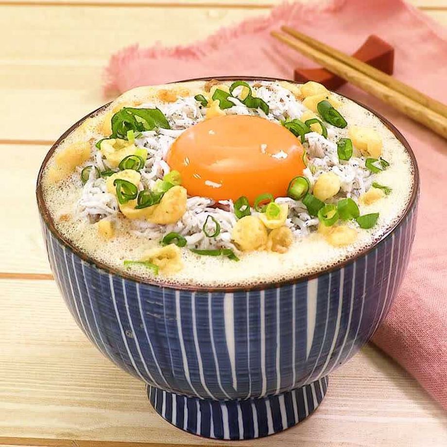 器にあたたかいごはんを盛り、1、しらす干しをのせる。中央に卵黄をのせ、揚げ玉、細ねぎをちらす。
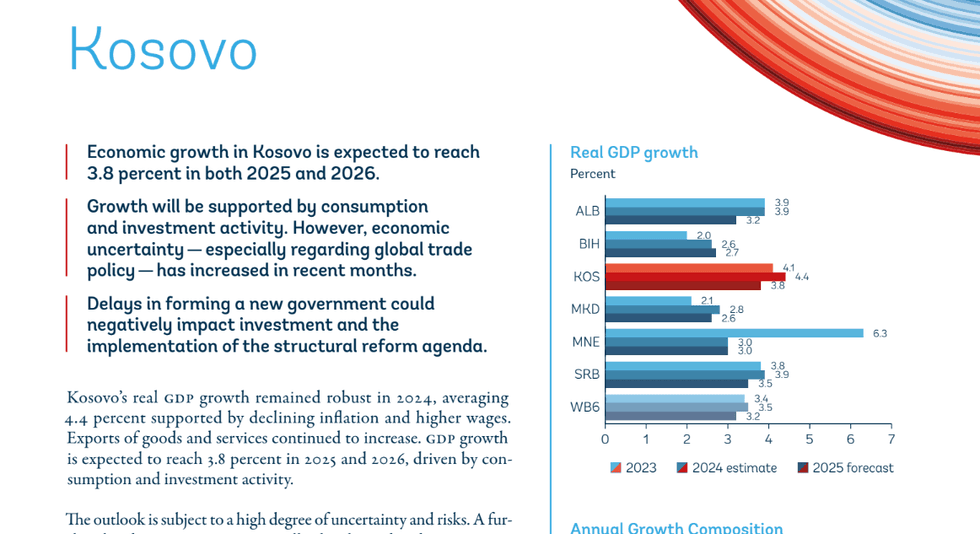 Banka Botërore parashikon se norma e përbashkët e rritjes ekonomike e Shqipërisë, Bosnje dhe Hercegovinës, Kosovës, Malit të Zi, Maqedonisë së Veriut dhe Serbisë, do të arrijë në 3.2% në vitin 2025, që paraqet një ndryshim me 0.5 pikë përqindje më pak nga parashikimi i mëparshëm. Rritja ekonomike parashikohet të përshpejtohet në 3.5% në vitin 2026.
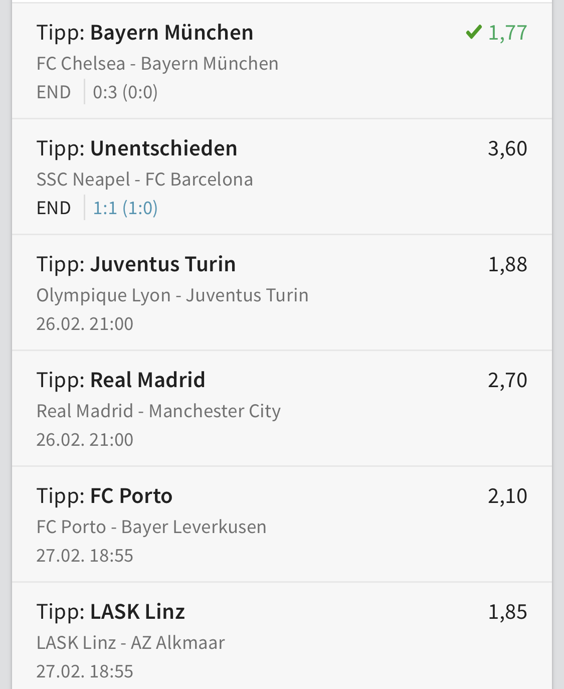 Chelsea - Bayern, über 2,5 Tore und beide treffen
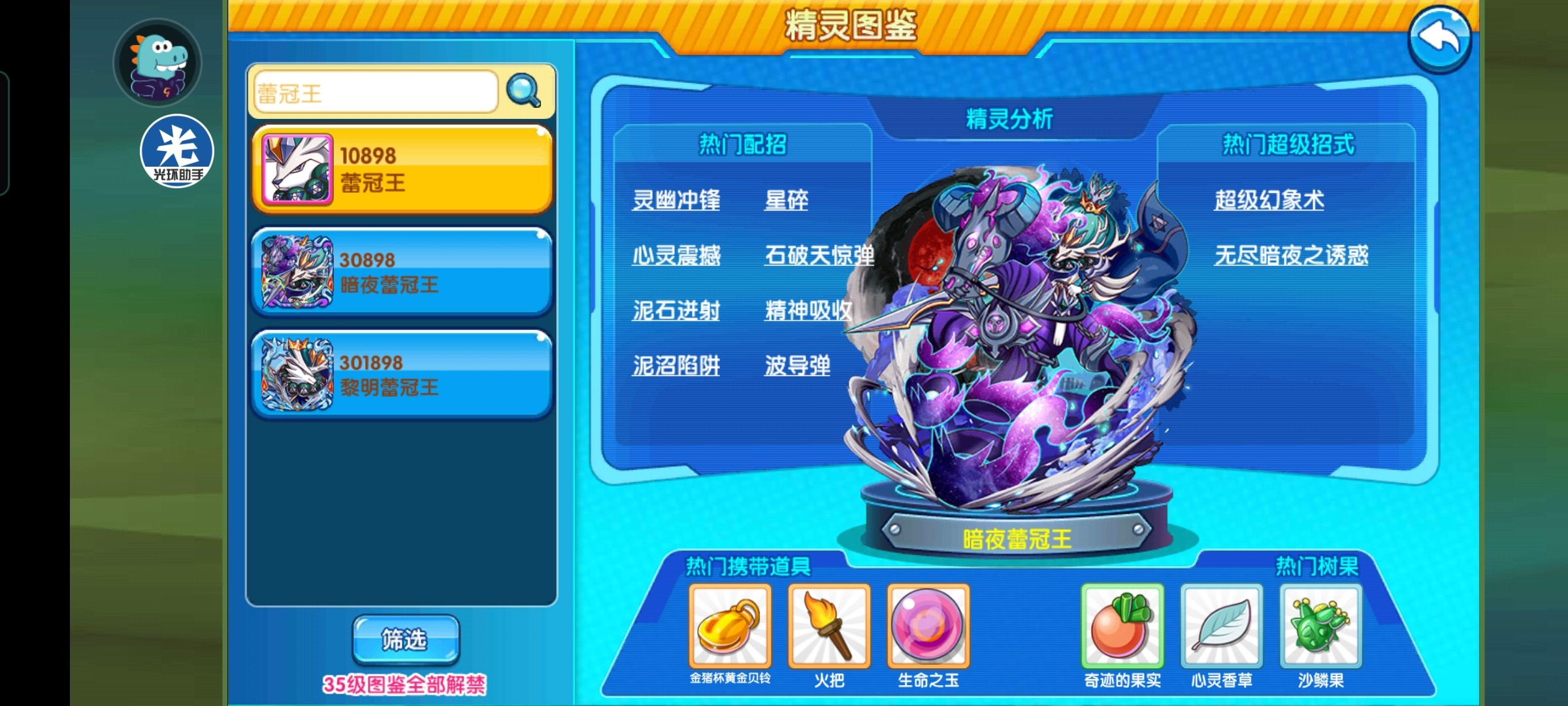 暗夜/黎明蕾冠王 暗夜和黎明蕾冠王作为两条命的宠物,在pvp战场中叱咤风云。很多高攻宠在面对对方时,只能逃之夭夭。小星云在面对它们时能够从容击败或者打残对方。
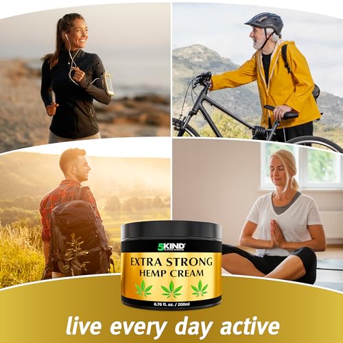 5kind Extra Strong Hemp Cream 200ml - High Strength Hemp Oil and Arnica Cream - for Massaging Joints & Muscles, Lower Back, Feet, Knees, Neck & Shoulders - Rich in Natural Extracts
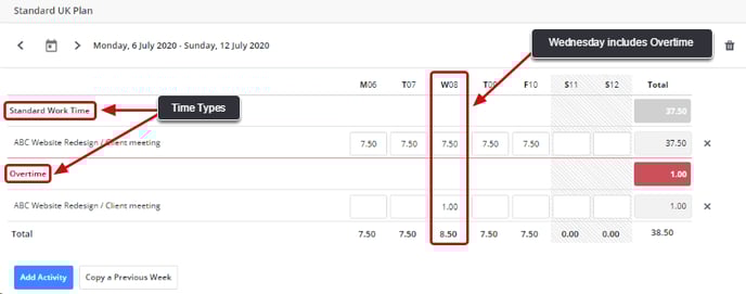 Time Types can be useful for organising the Timesheet into different sections. For example, if you wanted to record when employees work more than their standard hours you could create a 'Standard Work' and 'Overtime' Time type. Employees can then enter their standard hours in one section and any overtime in a separate section (as in the screenshot below).
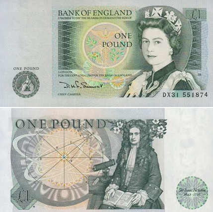 Англия: Исаак Ньютон на банкноте 1 фунт
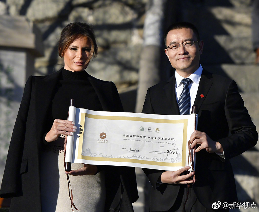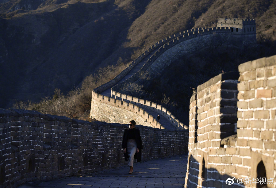 新華網(wǎng)北京11月10日電 11月10日下午,美國總統(tǒng)特朗普夫人梅拉尼婭登上慕田峪長城,獲贈“好漢證書”。北風(fēng)雖然凜冽,但蜿蜒的長城氣勢磅礴,引得梅拉尼婭流連忘返。(記者朱超、燕雁 據(jù)新華社“新華視點(diǎn)”微博報(bào)道)?????
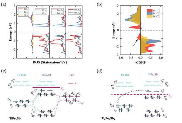 图2. (a) 和 (b) TiFe1.5Sb的原子投影态密度 (DOS) 和晶体轨道哈密顿群 (COHP);(c)和(d) TiFe1.5 Sb的分子轨道(MO)示意图,其中黑色虚线箭头表示从全Heusler (FH) 子结构向半Heusler (HH) 子结构的电子转移过程。
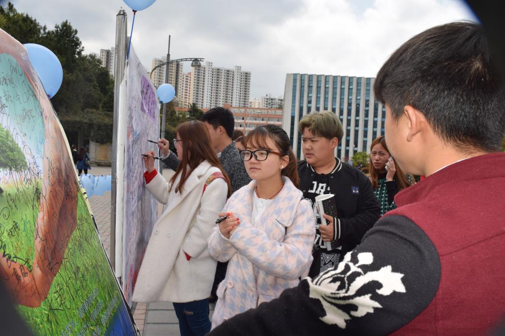全体学生呼吁全社会关注自闭症儿童,给“星星的孩子”许个未来,加深人们对自闭症儿童的了解。活动中,同学们在校内主要道路上的树上都挂上了蓝色的气球,使得整个校园一篇蓝色,同学们向过往的行人发放气球,并介绍活动的目的,倡导他们关爱自闭症儿童,所有参与活动的人都在相应位置进行签名、抽奖与玩偶合影。
● ● ●
=== WORK TASK ===
Leave out every picture, and copy exactly the lines above starting at the one holding "Chelsea - Bayern, über" and ending at the one holding "5kind Extra Strong", no more and no less.

=== FINISHED EXERCISE ===
 Chelsea - Bayern, über 2,5 Tore und beide treffen
 暗夜/黎明蕾冠王 暗夜和黎明蕾冠王作为两条命的宠物,在pvp战场中叱咤风云。很多高攻宠在面对对方时,只能逃之夭夭。小星云在面对它们时能够从容击败或者打残对方。
 5kind Extra Strong Hemp Cream 200ml - High Strength Hemp Oil and Arnica Cream - for Massaging Joints & Muscles, Lower Back, Feet, Knees, Neck & Shoulders - Rich in Natural Extracts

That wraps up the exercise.